In a bid to make funds available to farmers in the country and ensure food security, a mobile payment services firm, Cellulant, has taken steps to make about $100 million available to farmers.

This initiative is under its Agrikore platform, also known as the e-wallet platform developed by Messer Cellulant for Nigeria in 2012.

The firm, in a report titled ‘Nigeria Report, Growth Enhancement Support Scheme (GES) Dry Season, 2016,’ which was obtained by Business Post, stated that it has “arranged a consortium of financial sector actors who have agreed to deploy a loan book portfolio of $100 million into smallholder farmers’ micro loans.”

“The goal is to achieve 1,736,445 farmers borrowing between June 2017 to July 2018,” the report, released in few weeks ago, said.

The report stated further that in 2017, private sectors and financial partners will begin to test pilot the injection of loans into the system.

Cellulant said it was optimistic that if about 3 million rice farmers were captured in this year wet season GES Scheme, “Nigeria will be able to achieve self-sufficiency in the rice value chain as stated by the Federal Government.”

Rice is one of the major staple food in Nigeria and its importation is a significant contributor to the balance trade and concomitantly to the Naira exchange rate.

“From the 383,636 rice farmers that received inputs during the 2016 dry season programme, enough food will be produced to feed 120 million Nigerians for 2 months,” the report stated.

“We are expecting the food price inflation that started in 2016 when GES didn’t take place in 2015, to begin to drop by mid April 2017,” it added.

Commenting on the report, Co-founder of Cellulant Group as well as the Chief of Party E-wallet for Africa and CEO of Cellulant Nigeria Ltd, Mr Bolaji Akinboro, thanked the African Development Bank (AfDB), the International Fund for Agriculture Development (IFAD), the Enhancing Financial Innovations in Nigeria (EFINA), the Central Bank of Liberia (CBL), the Central Bank of Nigeria (CBN), the Government of Liberia and the Emir of Kano Muhammadu Sanusi II for their support since 2011.

He also thanked the Nigerian government for believing since 2011 that it was possible to eliminate corruption, promote transparency and leverage on technology for Agricultural Transformation.

“This exercise which was continued in 2016 by the current administration has proven that a technology that came out of Africa (Nigeria) has the potential to change the world,” Mr Akinboro said.

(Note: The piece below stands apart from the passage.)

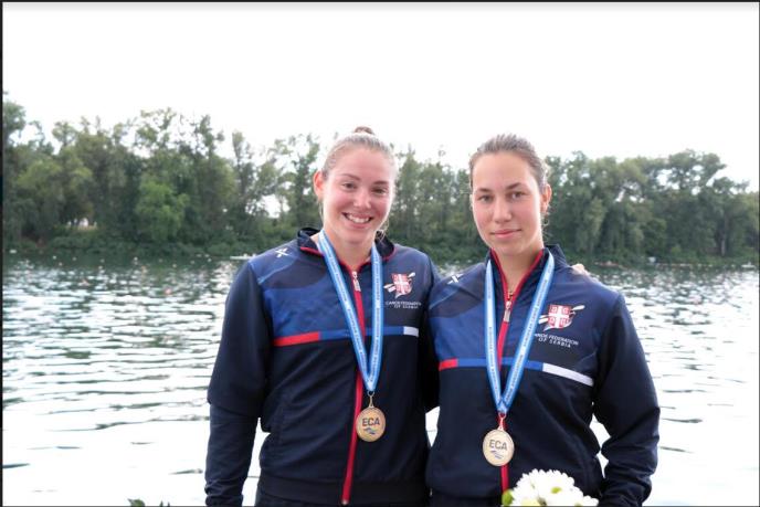 Srpske juniorke Dina Bacelj i Dunja Stanojev osvojile su zlatnu medalju u dvosedu na 500 metara na Evropskom prvenstvu za juniore i mlađe seniore koje se održava na Adi Ciganliji.

He stated that, “It is our goal to make Agrikore, the platform that connects everyone in Agriculture to everything, all the time, everywhere across the whole continent and beyond.

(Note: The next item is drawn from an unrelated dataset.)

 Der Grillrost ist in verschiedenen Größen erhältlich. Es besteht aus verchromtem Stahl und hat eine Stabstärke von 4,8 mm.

“It is a Super Platform that actors can connect to and drive innovation across the agricultural sector in Africa, innovations that stimulate the economy to support job creation and power rural development.”

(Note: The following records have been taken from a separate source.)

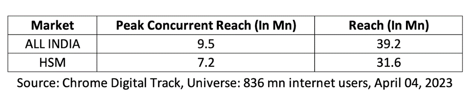 According to the data sourced from Chrome Digital Track, on April 4, the match was watched by almost 39.2 million unique viewers across India where it managed to capture 9.5 million concurrent viewers at peak viewing times. Across the HSM (Hindi-speaking markets), the content was consumed by 31.6 million unique viewers.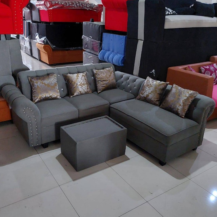 Sofa L Putus Kancing / Sofa L Minimalis / Sofa L Santai Bahan Beludru/ Sofa Letter L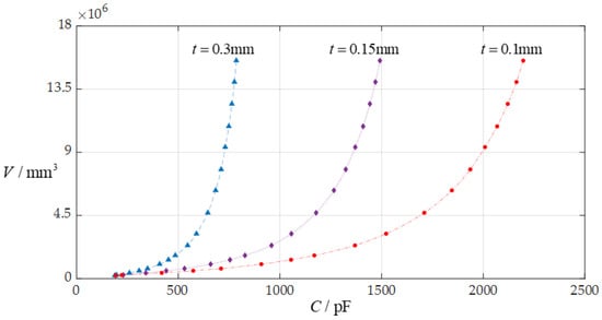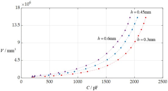 The effect of changing the membrane thickness h on the C–V relationship when a = 70 mm, D = 10 mm, t = 0.1 mm, E = 3.05 MPa, ν = 0.45, and h takes 0.3 mm, 0.45 mm, and 0.6 mm, respectively.

“Liberia is the first country outside of Nigeria to have adopted and implemented the platform and all its elements fully. Other countries such as Togo and Malawi are in advanced stages of replicating this system.

Governments from the Middle East have also indicated interest in the implementation of the Agrikore platform,” he said further.

Modupe Gbadeyanka

Modupe Gbadeyanka is a fast-rising journalist with Business Post Nigeria. Her passion for journalism is amazing. She is willing to learn more with a view to becoming one of the best pen-pushers in Nigeria. Her role models are the duo of CNN's Richard Quest and Christiane Amanpour.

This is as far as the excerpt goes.